[ASSIGNMENT]: Begin at the line containing "Red Field I, II, III" in the records below, end at the line containing "Samochód Honda Odyssey", and retype each line in that span exactly. No other line and no image should appear.

[RECORDS FOR THIS TASK]:
════

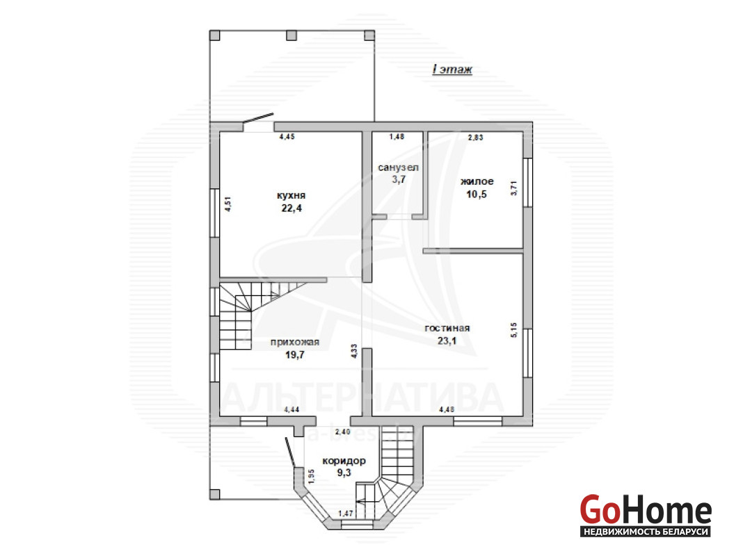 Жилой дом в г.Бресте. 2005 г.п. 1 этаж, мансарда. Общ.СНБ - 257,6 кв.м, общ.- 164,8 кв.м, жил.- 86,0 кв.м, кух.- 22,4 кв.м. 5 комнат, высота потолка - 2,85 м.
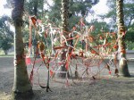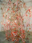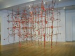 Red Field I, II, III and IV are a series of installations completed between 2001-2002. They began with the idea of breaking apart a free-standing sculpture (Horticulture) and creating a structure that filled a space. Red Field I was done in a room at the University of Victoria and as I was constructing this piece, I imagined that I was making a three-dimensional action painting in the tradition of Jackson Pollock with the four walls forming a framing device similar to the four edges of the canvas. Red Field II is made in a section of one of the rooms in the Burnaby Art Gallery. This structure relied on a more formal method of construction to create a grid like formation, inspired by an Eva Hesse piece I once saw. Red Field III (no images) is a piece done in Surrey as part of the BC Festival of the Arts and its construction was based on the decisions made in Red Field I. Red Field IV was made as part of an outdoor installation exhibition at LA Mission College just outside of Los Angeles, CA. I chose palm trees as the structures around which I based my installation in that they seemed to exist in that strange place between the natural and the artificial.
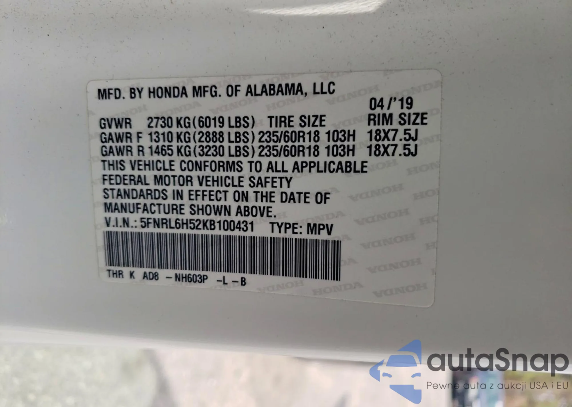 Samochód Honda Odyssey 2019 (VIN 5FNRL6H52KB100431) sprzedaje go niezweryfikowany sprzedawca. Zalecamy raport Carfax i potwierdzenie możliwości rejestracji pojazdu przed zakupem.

════

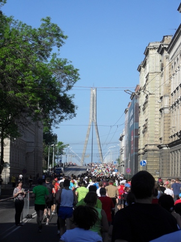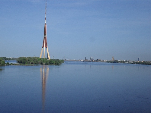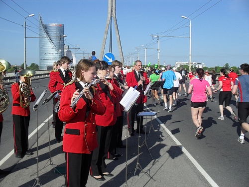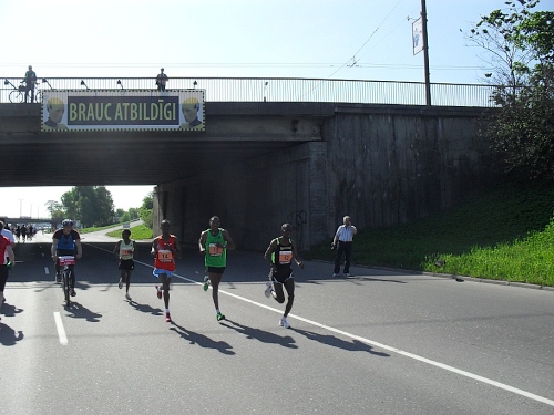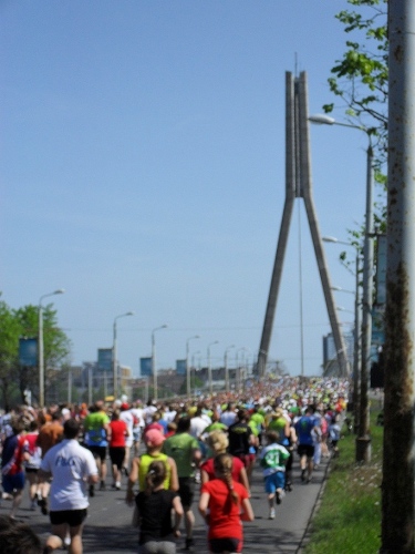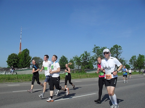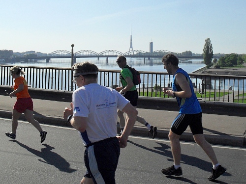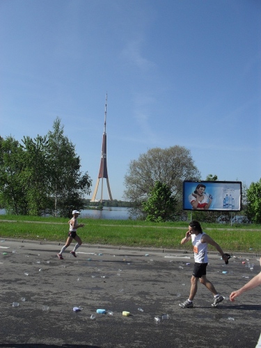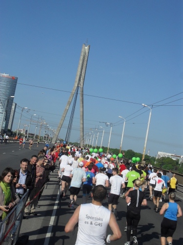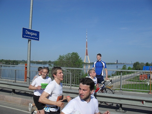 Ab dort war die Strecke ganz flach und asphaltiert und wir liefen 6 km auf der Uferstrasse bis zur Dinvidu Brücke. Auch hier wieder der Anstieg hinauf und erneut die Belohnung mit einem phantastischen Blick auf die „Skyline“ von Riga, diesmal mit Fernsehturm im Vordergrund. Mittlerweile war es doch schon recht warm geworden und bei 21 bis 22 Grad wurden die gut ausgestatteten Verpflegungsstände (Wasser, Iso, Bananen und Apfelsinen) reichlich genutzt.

════

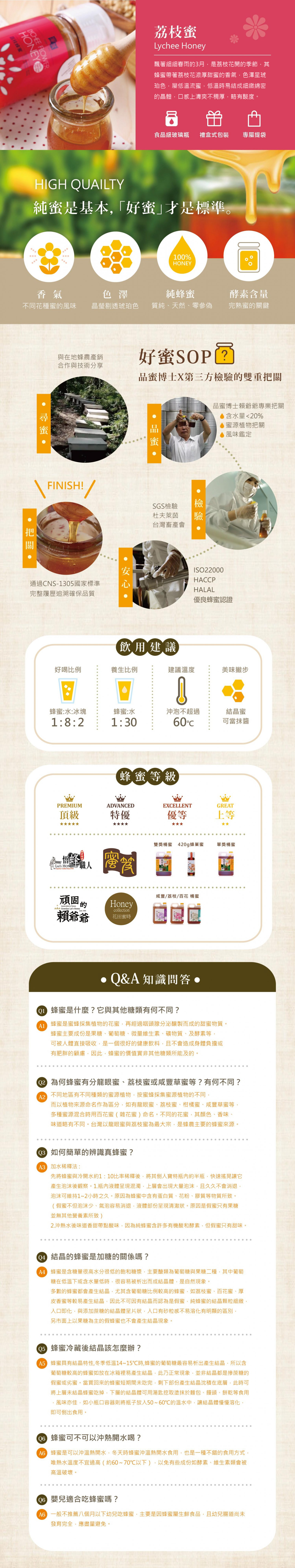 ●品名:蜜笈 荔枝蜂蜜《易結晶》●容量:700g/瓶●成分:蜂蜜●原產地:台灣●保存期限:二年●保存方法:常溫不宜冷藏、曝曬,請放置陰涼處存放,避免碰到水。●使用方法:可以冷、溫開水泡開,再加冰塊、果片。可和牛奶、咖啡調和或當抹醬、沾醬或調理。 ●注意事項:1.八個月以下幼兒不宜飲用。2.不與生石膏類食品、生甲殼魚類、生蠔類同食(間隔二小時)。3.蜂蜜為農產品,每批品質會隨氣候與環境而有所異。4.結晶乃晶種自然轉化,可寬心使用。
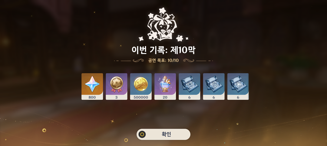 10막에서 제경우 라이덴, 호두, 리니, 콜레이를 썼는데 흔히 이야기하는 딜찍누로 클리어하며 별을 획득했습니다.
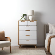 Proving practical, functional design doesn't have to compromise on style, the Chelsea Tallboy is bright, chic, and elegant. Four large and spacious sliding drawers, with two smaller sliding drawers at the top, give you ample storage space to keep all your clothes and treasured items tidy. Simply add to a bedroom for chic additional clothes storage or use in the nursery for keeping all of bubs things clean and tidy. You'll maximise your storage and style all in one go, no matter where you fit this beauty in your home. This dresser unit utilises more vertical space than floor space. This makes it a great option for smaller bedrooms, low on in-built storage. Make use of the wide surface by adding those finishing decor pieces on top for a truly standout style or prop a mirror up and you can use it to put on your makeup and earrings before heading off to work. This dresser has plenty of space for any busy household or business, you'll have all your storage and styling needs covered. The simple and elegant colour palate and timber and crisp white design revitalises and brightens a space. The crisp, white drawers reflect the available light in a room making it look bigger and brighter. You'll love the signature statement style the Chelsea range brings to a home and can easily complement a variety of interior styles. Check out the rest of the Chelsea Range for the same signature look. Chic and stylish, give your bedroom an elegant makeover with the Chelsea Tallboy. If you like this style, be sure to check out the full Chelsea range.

════

[SOLUTION TO THE EXERCISE]:
 Red Field I, II, III and IV are a series of installations completed between 2001-2002. They began with the idea of breaking apart a free-standing sculpture (Horticulture) and creating a structure that filled a space. Red Field I was done in a room at the University of Victoria and as I was constructing this piece, I imagined that I was making a three-dimensional action painting in the tradition of Jackson Pollock with the four walls forming a framing device similar to the four edges of the canvas. Red Field II is made in a section of one of the rooms in the Burnaby Art Gallery. This structure relied on a more formal method of construction to create a grid like formation, inspired by an Eva Hesse piece I once saw. Red Field III (no images) is a piece done in Surrey as part of the BC Festival of the Arts and its construction was based on the decisions made in Red Field I. Red Field IV was made as part of an outdoor installation exhibition at LA Mission College just outside of Los Angeles, CA. I chose palm trees as the structures around which I based my installation in that they seemed to exist in that strange place between the natural and the artificial.
 Samochód Honda Odyssey 2019 (VIN 5FNRL6H52KB100431) sprzedaje go niezweryfikowany sprzedawca. Zalecamy raport Carfax i potwierdzenie możliwości rejestracji pojazdu przed zakupem.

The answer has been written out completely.